• TASK STATEMENT:
Return each line below exactly as it reads, and omit any image in it.

(Dataset excerpts)
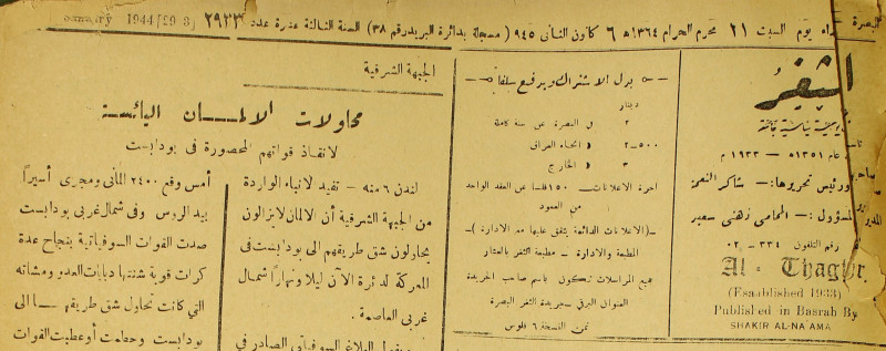 جريدة يومية سياسية عامة = AL-Thaghr : A Daily Newspaper
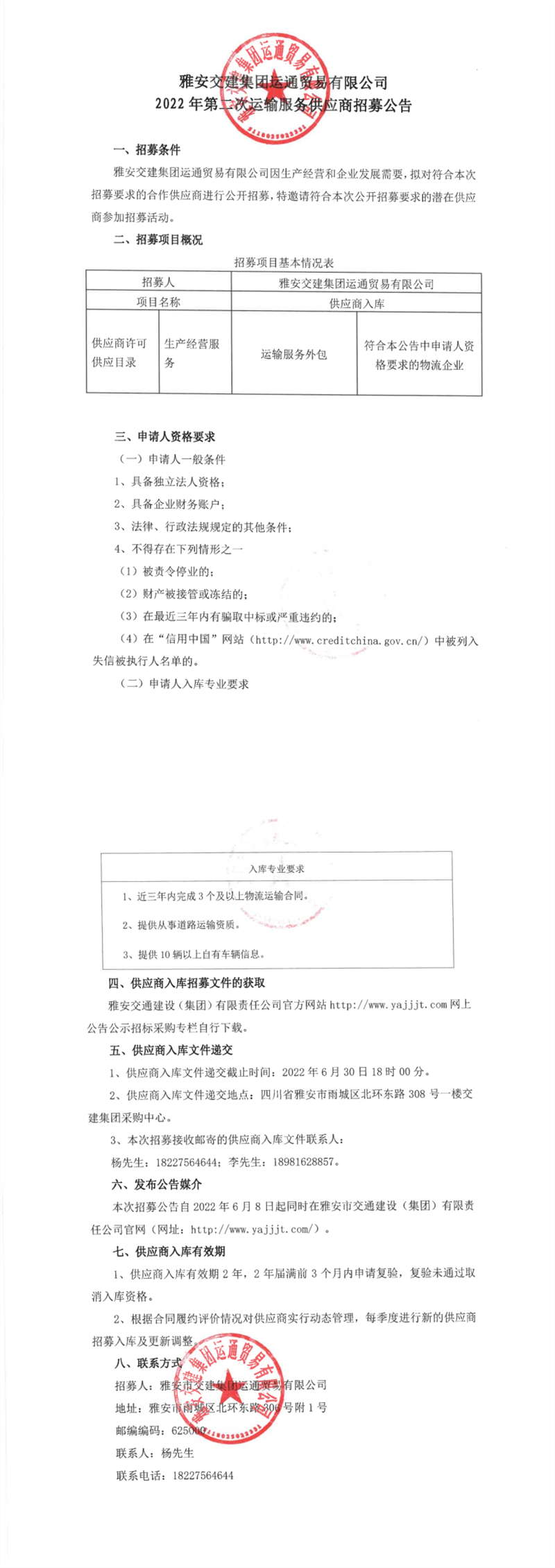 雅安交建集團運通貿易有限公司2022年第二次運輸服務供應商招募公告
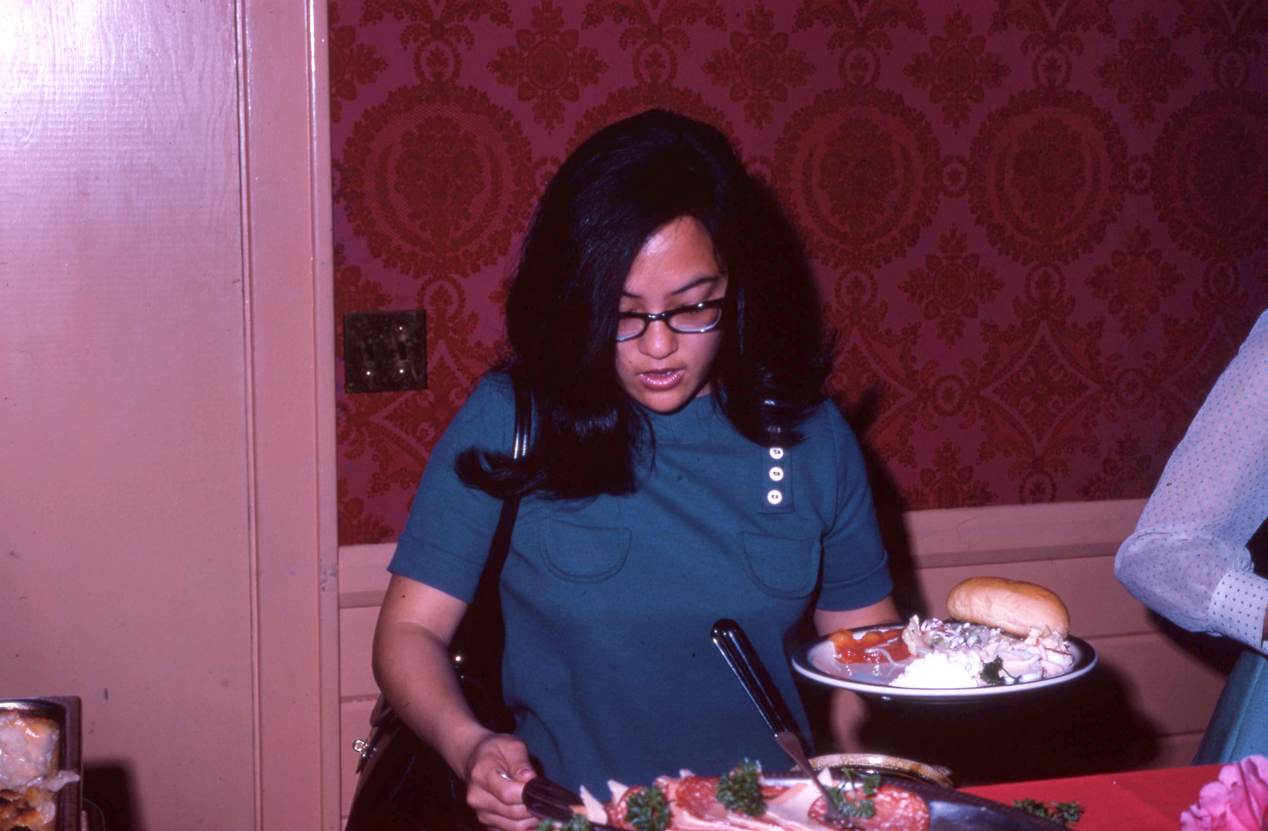 Pacific University student Marylee Moon (Class of 1970) getting food at a buffet line, possibly at an event hosted by Pacific University's Haumana O Hawai'i (Hawaiian Club) circa 1970-1973.
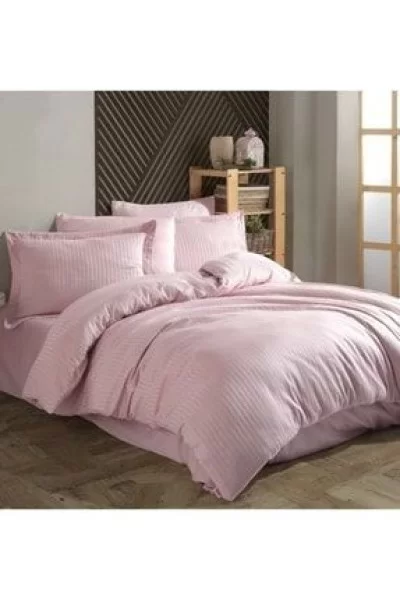 Hobby HobbyÇizgili Pudra - Çift Kişilik Jakarlı Saten Nevresim Takımı
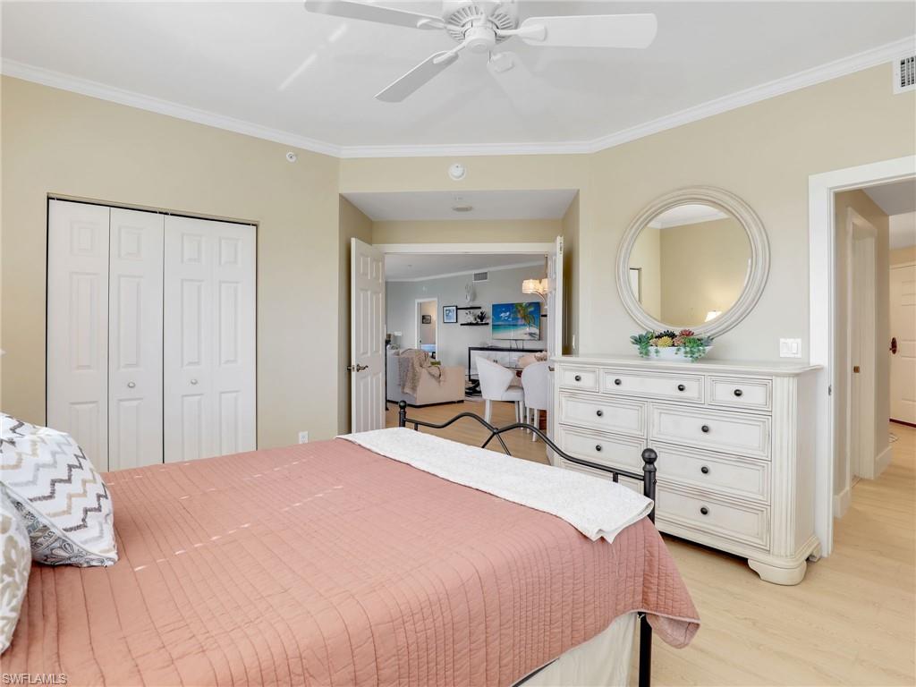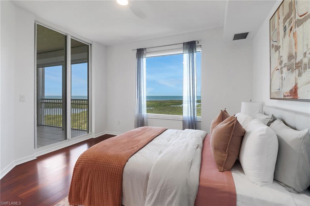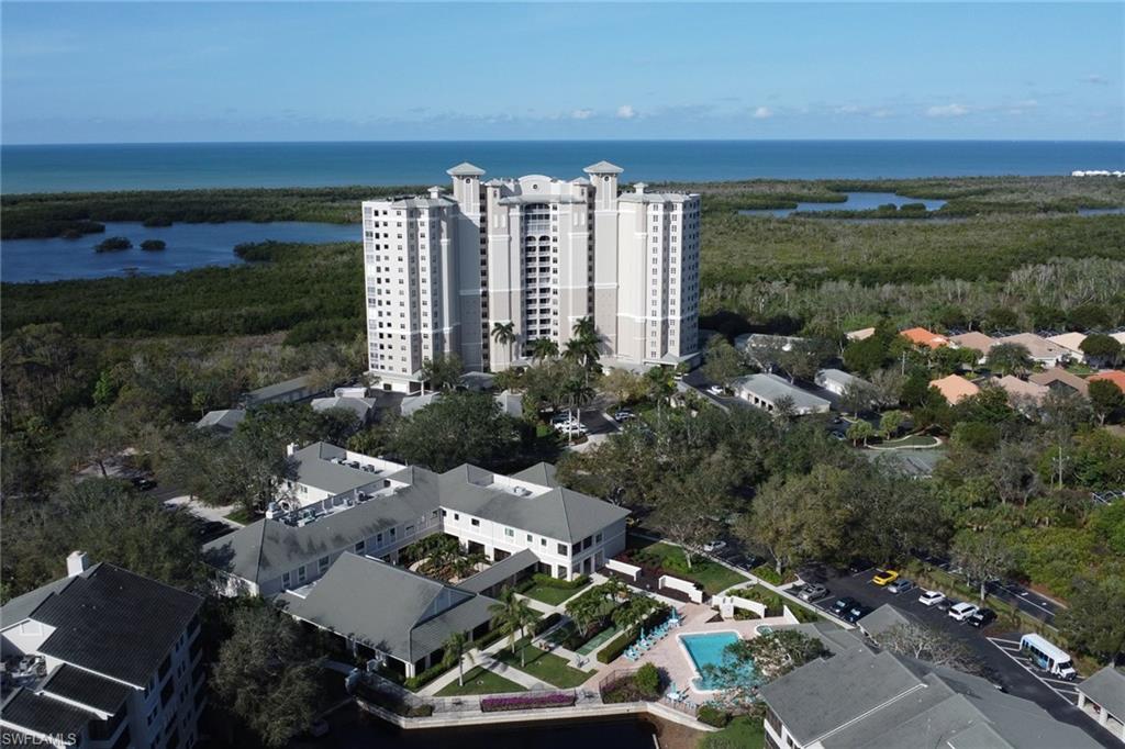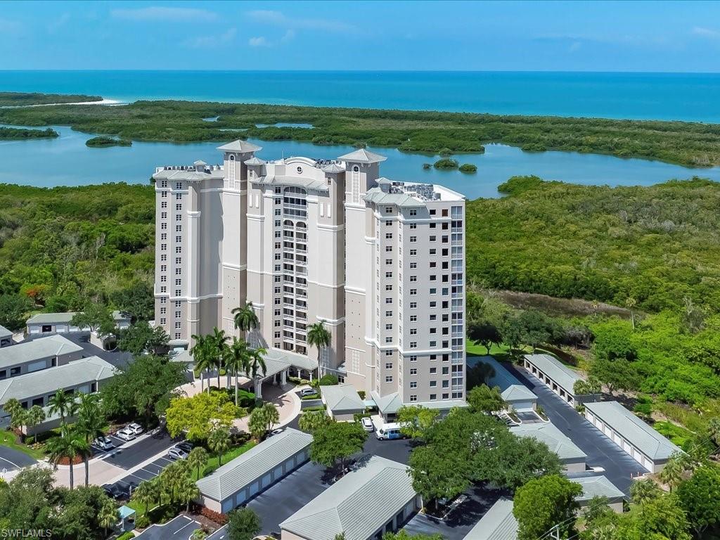 Breathtaking Gulf Views! This 12th-floor, 2-bedroom, 2-bath residence offers sweeping Gulf views and a serene retreat in the heart of North Naples. The open-concept layout is filled with natural light, showcasing stunning waterfront scenery from every angle. The spacious primary suite features direct balcony access, tranquil Gulf vistas, and a spa-inspired bath with dual vanities and a walk-in shower. A private guest bedroom provides comfort and versatility—perfect for visitors or a home office. Step out onto your private balcony to enjoy unforgettable sunsets over the Gulf. Arbor Trace is a resident-owned 55+ community offering deeded condominium ownership with 100% equity and no financial or medical requirements. Residents enjoy resort-style amenities including a heated pool, fitness center, tennis and pickleball, bocce, putting green, two libraries, clubhouse dining, and a calendar of social events. Support services include 24-hour medical monitoring, transportation to appointments, shopping, and group outings. An on-site continuum of care ensures peace of mind for the future. One car garage included. Milestone inspection complete.
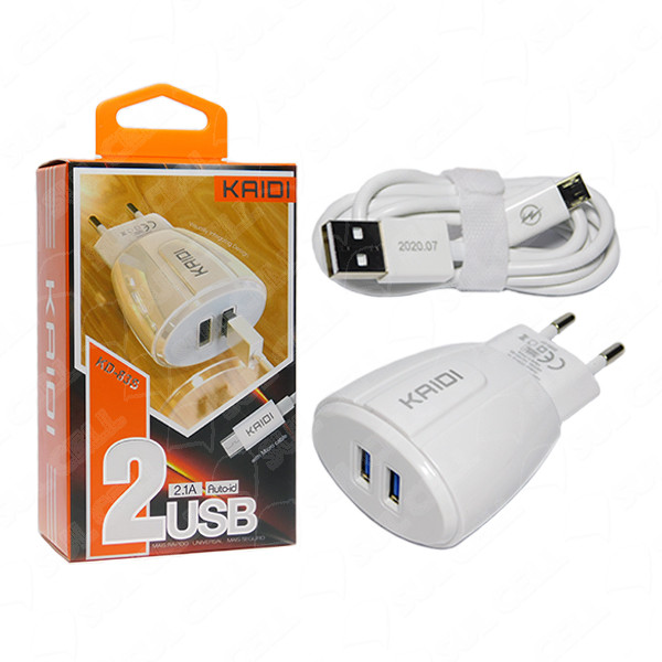 Carregador Fonte de Tomada v8 5v 2.1A Usb Duplo Kaidi (KD-83S) - 1m
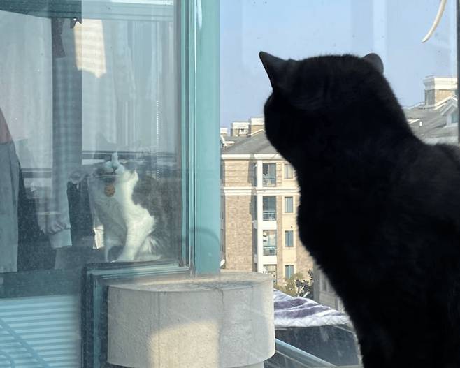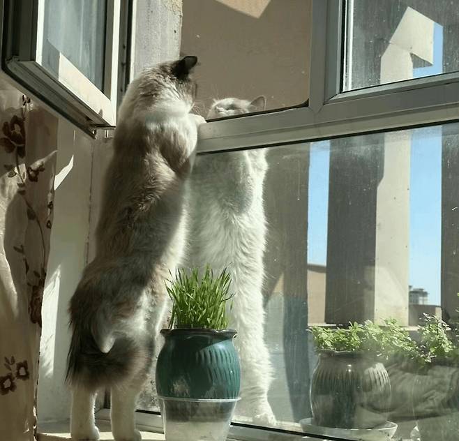 창가에 앉아 바깥 풍경을 구경하는 것을 좋아하는 고양이들이 많습니다. 그런데 간혹 창가 너머로 보이는 다른 고양이나 강아지를 보고 친구를 사귀기도 합니다.
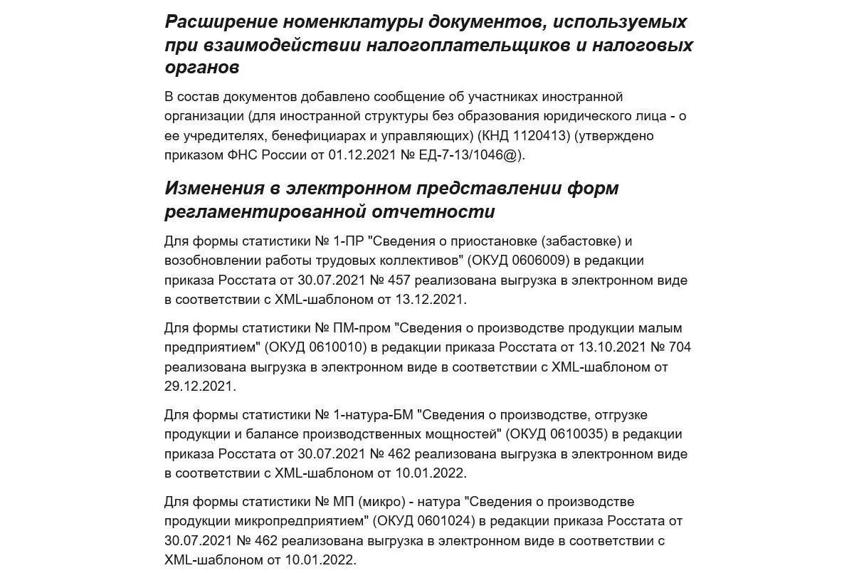 В данном релизе подготовлены нововведения по Приказу ФНС России от 15.10.2021 N ЕД-7-11/903@. И снова виден оперативный подход, когда современный тренд диктует новые процессы взаимодействия организаций и государства.
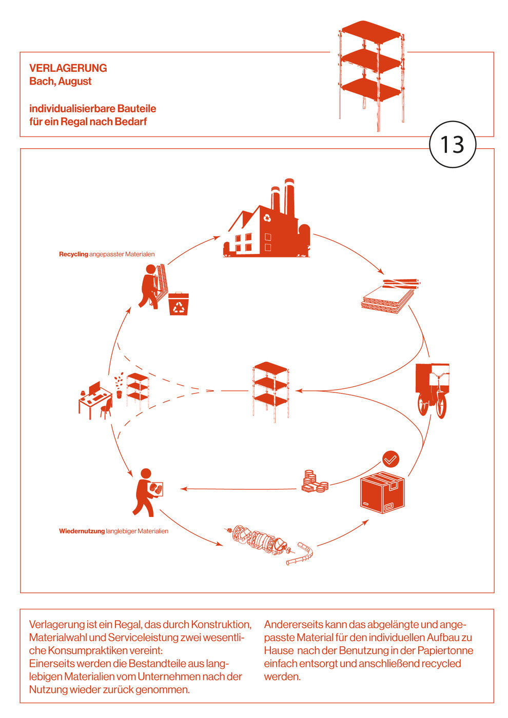 wiederverwendet oder recycelt werden können. Das Konzept berücksichtigt die unterschiedliche Lebensdauer dieser Materialien. Die langlebigen Verbindungselemente können, sobald sich die Wohnumstände der Nutzer ändern und das Möbelstück nicht mehr benötigt wird, einfach zurückgeschickt werden. Dies erfolgt mit der Motivation, einen Anteil des ursprünglichen Kaufpreises erstattet zu bekommen. Die sperrigen Pappteile hingegen lassen sich unkompliziert im Altpapier entsorgen. Nach der Entsorgung werden die Papp-Elemente gesammelt und recycelt. In Recyclinganlagen werden sie in Wasser aufgelöst, von Verunreinigungen befreit und zu neuer Papierpulpe verarbeitet. Diese Pulpe wird anschließend zu neuen Papierbahnen geformt, getrocknet und erneut genutzt – beispielsweise für die Produktion neuer Kartons oder Papprohre. Die langlebigen Bauteile aus Polypropylen und Stahl durchlaufen nach der Rücksendung eine Prüfung auf Funktionalität und Abnutzung. Sind sie weiterhin verwendbar, werden sie erneut in den Vertrieb gebracht, um ihre Nutzungsdauer zu maximieren. Sollte der Verschleiß zu groß sein, werden die Materialien sortiert und dem Recycling zugeführt. Dadurch amortisiert sich der höhere Herstellungsaufwand dieser Bauteile durch eine längere Gesamtlebensdauer und eine Reduktion des CO₂-Ausstoßes. Ein wesentlicher Vorteil des Regals "Verlagerung" ist seine hohe Anpassungsfähigkeit. Der Zusammenbau erfordert lediglich einen Cutter, um die Pappteile individuell auf die gewünschte Größe zuzuschneiden. Das System ermöglicht eine stufenlose Anpassung in Höhe, Breite und Länge, sodass es sich flexibel an verschiedene Raumsituationen anpasst. Darüber hinaus können Nutzer das Regal im gleichen Nutzungszeitraum nachträglich verkleinern oder erweitern, indem sie Böden und Rohre erneut zuschneiden. Der Name "Verlagerung" trägt eine doppelte Bedeutung. Er verweist einerseits auf die räumliche Flexibilität des Möbelstücks, andererseits auf die strukturelle Verlagerung von Produktions- und Konsumprozessen. Das Konzept reflektiert bestehende Konsumgewohnheiten, die zur Wegwerfkultur beitragen, ohne zu versuchen, diese fundamental zu verändern. Die konventionelle Massenproduktion ist darauf ausgelegt, durch Trends, Werbung und Preissenkungen einen hohen Absatz zu generieren – was zwangsläufig zu einer frühzeitigen Entsorgung von Möbeln führt. Das Konzept "Verlagerung" kann diesen Mechanismus nicht durchbrechen, aber es bietet eine Möglichkeit, den damit verbundenen Ressourcen- und Energieverlust zu reduzieren. Gleichzeitig wirft das Konzept grundlegende gesellschaftliche Fragen auf: Ist das der einzig gangbare Weg, anhand von vornherein kurzlebiger, dafür energieeffizienter Materialien der frühen Entsorgung Rechnung zu tragen, oder sind wir bereit, unsere Konsumgewohnheiten so zu verändern, dass wir die Wegwerfkultur überwinden? Ist es realistisch, eine Rückkehr zu langlebigen Möbeln anzustreben, die für Generationen gedacht sind? Wie können industrielle Fertigungsprozesse nachhaltiger gestaltet werden, ohne dass wirtschaftliche Interessen dem entgegenstehen? "Verlagerung" ist somit nicht nur ein Möbelkonzept, sondern steht auch stellvertretend für Richtungsentscheidungen, wie wir als Gesellschaft Kreislaufwirtschaft in Verbindung mit schnelllebigen und dynamischen Lebensweisen denken können.

• SOLUTION TO THIS PROBLEM:
 جريدة يومية سياسية عامة = AL-Thaghr : A Daily Newspaper
 雅安交建集團運通貿易有限公司2022年第二次運輸服務供應商招募公告
 Pacific University student Marylee Moon (Class of 1970) getting food at a buffet line, possibly at an event hosted by Pacific University's Haumana O Hawai'i (Hawaiian Club) circa 1970-1973.
 Hobby HobbyÇizgili Pudra - Çift Kişilik Jakarlı Saten Nevresim Takımı
 Breathtaking Gulf Views! This 12th-floor, 2-bedroom, 2-bath residence offers sweeping Gulf views and a serene retreat in the heart of North Naples. The open-concept layout is filled with natural light, showcasing stunning waterfront scenery from every angle. The spacious primary suite features direct balcony access, tranquil Gulf vistas, and a spa-inspired bath with dual vanities and a walk-in shower. A private guest bedroom provides comfort and versatility—perfect for visitors or a home office. Step out onto your private balcony to enjoy unforgettable sunsets over the Gulf. Arbor Trace is a resident-owned 55+ community offering deeded condominium ownership with 100% equity and no financial or medical requirements. Residents enjoy resort-style amenities including a heated pool, fitness center, tennis and pickleball, bocce, putting green, two libraries, clubhouse dining, and a calendar of social events. Support services include 24-hour medical monitoring, transportation to appointments, shopping, and group outings. An on-site continuum of care ensures peace of mind for the future. One car garage included. Milestone inspection complete.
 Carregador Fonte de Tomada v8 5v 2.1A Usb Duplo Kaidi (KD-83S) - 1m
 창가에 앉아 바깥 풍경을 구경하는 것을 좋아하는 고양이들이 많습니다. 그런데 간혹 창가 너머로 보이는 다른 고양이나 강아지를 보고 친구를 사귀기도 합니다.
 В данном релизе подготовлены нововведения по Приказу ФНС России от 15.10.2021 N ЕД-7-11/903@. И снова виден оперативный подход, когда современный тренд диктует новые процессы взаимодействия организаций и государства.
 wiederverwendet oder recycelt werden können. Das Konzept berücksichtigt die unterschiedliche Lebensdauer dieser Materialien. Die langlebigen Verbindungselemente können, sobald sich die Wohnumstände der Nutzer ändern und das Möbelstück nicht mehr benötigt wird, einfach zurückgeschickt werden. Dies erfolgt mit der Motivation, einen Anteil des ursprünglichen Kaufpreises erstattet zu bekommen. Die sperrigen Pappteile hingegen lassen sich unkompliziert im Altpapier entsorgen. Nach der Entsorgung werden die Papp-Elemente gesammelt und recycelt. In Recyclinganlagen werden sie in Wasser aufgelöst, von Verunreinigungen befreit und zu neuer Papierpulpe verarbeitet. Diese Pulpe wird anschließend zu neuen Papierbahnen geformt, getrocknet und erneut genutzt – beispielsweise für die Produktion neuer Kartons oder Papprohre. Die langlebigen Bauteile aus Polypropylen und Stahl durchlaufen nach der Rücksendung eine Prüfung auf Funktionalität und Abnutzung. Sind sie weiterhin verwendbar, werden sie erneut in den Vertrieb gebracht, um ihre Nutzungsdauer zu maximieren. Sollte der Verschleiß zu groß sein, werden die Materialien sortiert und dem Recycling zugeführt. Dadurch amortisiert sich der höhere Herstellungsaufwand dieser Bauteile durch eine längere Gesamtlebensdauer und eine Reduktion des CO₂-Ausstoßes. Ein wesentlicher Vorteil des Regals "Verlagerung" ist seine hohe Anpassungsfähigkeit. Der Zusammenbau erfordert lediglich einen Cutter, um die Pappteile individuell auf die gewünschte Größe zuzuschneiden. Das System ermöglicht eine stufenlose Anpassung in Höhe, Breite und Länge, sodass es sich flexibel an verschiedene Raumsituationen anpasst. Darüber hinaus können Nutzer das Regal im gleichen Nutzungszeitraum nachträglich verkleinern oder erweitern, indem sie Böden und Rohre erneut zuschneiden. Der Name "Verlagerung" trägt eine doppelte Bedeutung. Er verweist einerseits auf die räumliche Flexibilität des Möbelstücks, andererseits auf die strukturelle Verlagerung von Produktions- und Konsumprozessen. Das Konzept reflektiert bestehende Konsumgewohnheiten, die zur Wegwerfkultur beitragen, ohne zu versuchen, diese fundamental zu verändern. Die konventionelle Massenproduktion ist darauf ausgelegt, durch Trends, Werbung und Preissenkungen einen hohen Absatz zu generieren – was zwangsläufig zu einer frühzeitigen Entsorgung von Möbeln führt. Das Konzept "Verlagerung" kann diesen Mechanismus nicht durchbrechen, aber es bietet eine Möglichkeit, den damit verbundenen Ressourcen- und Energieverlust zu reduzieren. Gleichzeitig wirft das Konzept grundlegende gesellschaftliche Fragen auf: Ist das der einzig gangbare Weg, anhand von vornherein kurzlebiger, dafür energieeffizienter Materialien der frühen Entsorgung Rechnung zu tragen, oder sind wir bereit, unsere Konsumgewohnheiten so zu verändern, dass wir die Wegwerfkultur überwinden? Ist es realistisch, eine Rückkehr zu langlebigen Möbeln anzustreben, die für Generationen gedacht sind? Wie können industrielle Fertigungsprozesse nachhaltiger gestaltet werden, ohne dass wirtschaftliche Interessen dem entgegenstehen? "Verlagerung" ist somit nicht nur ein Möbelkonzept, sondern steht auch stellvertretend für Richtungsentscheidungen, wie wir als Gesellschaft Kreislaufwirtschaft in Verbindung mit schnelllebigen und dynamischen Lebensweisen denken können.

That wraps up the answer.